Voice Translation - config (Set Terminology / Correction Rules)

Description

Before or during recording, pass in terminology, fuzzy-word correction rules, and translation dictionary settings. These settings improve STT accuracy, fix homophone errors, and ensure translation consistency.
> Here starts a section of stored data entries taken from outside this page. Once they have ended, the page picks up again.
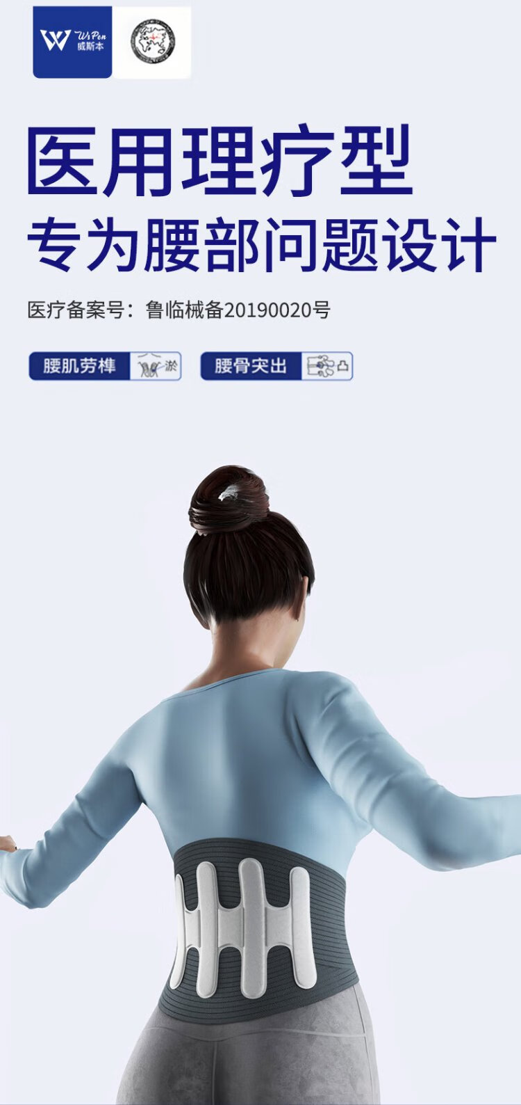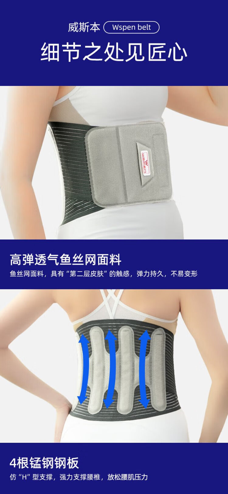 WSPEN German medical belt for lumbar disc herniation, lumbar muscle strain, lumbar prolapse and protrusion, breathable sedentary belt for men and women, L size 2 feet 6, waist circumference 3 feet 3
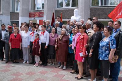 Наступает долгожданная минута, и белая ткань плавно сползает вниз, открывая бюст основателю советского государства. Раздаются аплодисменты и возгласы «ура».
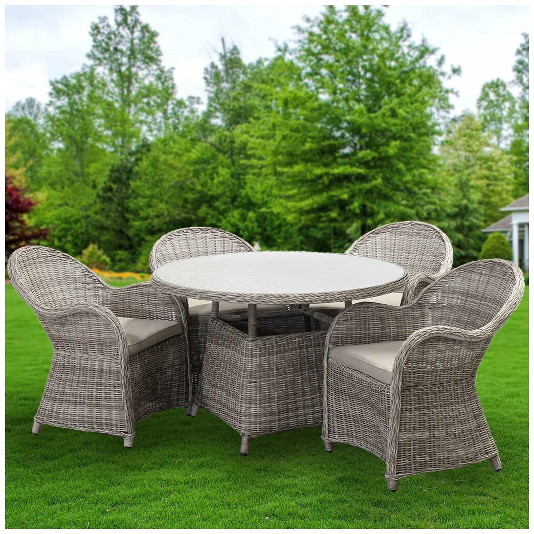 Роскошный комплект плетеной мебели станет отличным дополнением для загородного дома или дачи. Комплект состоит из четырех кресел с подушками и стола со столешницей из стекла. Выполнен из искусственного ротанга, устойчивого к физическому и климатическому воздействию.
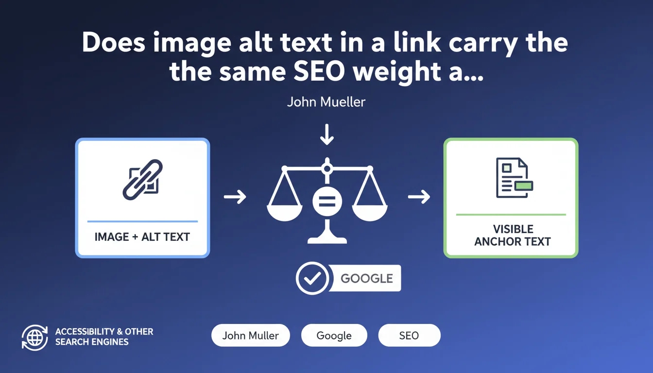 Google treats the alt text (alt) of an image placed within a link exactly like standard anchor text. Both have equivalent value for SEO, regardless of their order in the HTML code. However, retaining visible text remains essential for accessibility and third-party search engines.

Auto-generated correction rules: When terminology is passed in, the system automatically generates fuzzy-word correction rules for each term (homophones, near-homophones, Traditional/Simplified variants). The frontend does not need to define fuzzy_correction manually, greatly simplifying the setup process.

Use Cases

Pass in professional terminology (Phrase List) before recording starts
Set fuzzy-word correction rules (homophone correction) - optional, the system generates them automatically
Set a translation dictionary (ensure consistent terminology translation)

Timing

Setting Type	Recommended Timing	Update During Recording
Terminology	Before or during `start`	Supported (takes effect on the next turn)
Fuzzy-word correction	Before or during `start`	Supported
Translation dictionary	Before or during `start`	Supported

Note: When you update terminology during recording, the new terms automatically take effect at the next recognition turn boundary, with no need to reconnect. The response includes a terminology_effective: "next_turn" field as a hint.

Request Parameters

Parameter	Type	Required	Description
`action`	string	Yes	Fixed value `config`
`terminology`	object	No	Terminology settings
`fuzzy_correction`	object	No	Fuzzy-word correction rules
`translation_dict`	object	No	Translation dictionary

Note: At least one setting item must be provided.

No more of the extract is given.